Realitas inilah yang diangkat ke layar lebar melalui film terbaru berjudul “Tunggu Aku Sukses Nanti”. Acara peluncuran Official Trailer dan Poster film drama keluarga tersebut digelar pada Selasa ini (3/2/2026) di XXI Plaza Senayan, Jakarta. Para pembuat film membagikan alasan mengapa film ini wajib masuk daftar tontonan Anda pada Lebaran mendatang.

Realitas Job Seeker Indonesia
Ide cerita film ini lahir dari keresahan yang sangat dekat dengan job seekers Indonesia. Evelyn Afnilia, sang penulis skenario, mengungkapkan bahwa inspirasi cerita ini muncul dari observasi tajam saat momen Lebaran.

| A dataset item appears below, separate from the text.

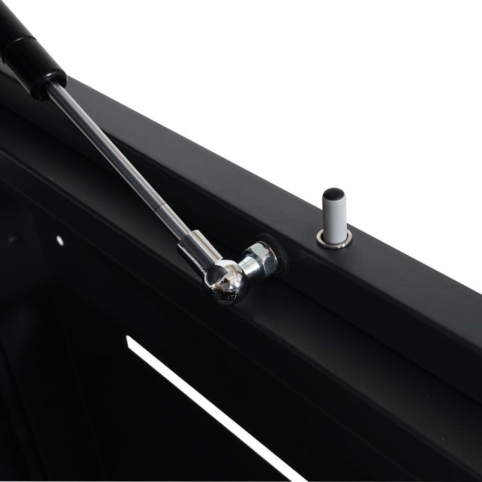 Deckel und Tür sind getrennt abschliessbar: sie verfügen jeweils über ein normales Schloss und ein Zahlenschloss, das individuell mit einem 4-stelligen Sicherheitscode eingestellt werden kann. Im Lieferumfang ist ein Schlüssel für alle Schlösser enthalten. Bitte achten Sie darauf, die Mülltonnenverkleidung mit denen im Lieferumfang enthaltenen Dübeln und Schrauben im Boden zu verankern, um deren Stabilität sicherzustellen.

“Ide itu lahir dari observasi di dalam keluarga saat Lebaran. Seringkali momen keluarga, khususnya saat Lebaran, menjadi ajang ekspektasi keberhasilan anggota keluarga,” ungkap Evelyn.
Proses pengembangannya memakan waktu sekitar setengah tahun sejak Lebaran tahun lalu. Untuk mendukung pendalaman karakter pencari kerja lokal, sang penulis skenario itu melakukan riset langsung kepada agen-agen properti. Menurutnya, pola dan sistem pencarian tenaga kerja pada bidang tersebut cukup mewakili situasi job seekers Indonesia.
Senada dengan Evelyn, Sunil Samtani selaku Executive Producer menegaskan bahwa film ini memang mencari topik yang grounded dan realistis. Film ini adalah cermin dari apa yang benar-benar dialami sebuah keluarga dengan anggota keluarga yang tengah mencari kerja.
“Home Alone” Versi Lebaran
Jika Hollywood punya tradisi memutar Home Alone saat Natal, maka Naya Anandita, sang sutradara, memiliki visi besar untuk film ini.
“Saya tahu ya, ini akan jadi film Lebaran. Kalau di Hollywood ada Home Alone saat Natal, maka di Lebaran ada film ini: Tunggu Aku Sukses Nanti,” ujar Naya dengan optimis.
Sutradara yang memiliki latar belakang sebagai staf produksi di Mata Najwa ini ingin mengajak penonton merenungkan kembali definisi kesuksesan. Film ini akan menantang penonton dengan pertanyaan filosofis namun relevan: “Apa arti cukup?” dan “Bagaimana kesuksesan seharusnya ditentukan oleh diri sendiri, bukan orang lain.”
Kesuksesan itu Relatif, Pertanyaan Keluarga itu Absolut
Film “Tunggu Aku Sukses Nanti” tampaknya akan menjadi teman yang pas bagi para pejuang kerja yang sedang mudik atau berkumpul dengan keluarga. Film ini tidak hanya menawarkan hiburan, tetapi juga validasi perasaan bagi mereka yang sedang berjuang mencari tempatnya di dunia kerja.
Menutup sesi konferensi Naya Anandita memberikan sebuah closing statement yang menohok sekaligus merangkum esensi film ini:
“Kesuksesan itu relatif, pertanyaan keluarga itu absolut.”
Jadi, siapkan hati dan tiket bioskop Anda. Lebaran besok, IJ-ers bisa nonton film perjuangan para job seekers Indonesia yang mungkin adalah cerminan diri kita sendiri.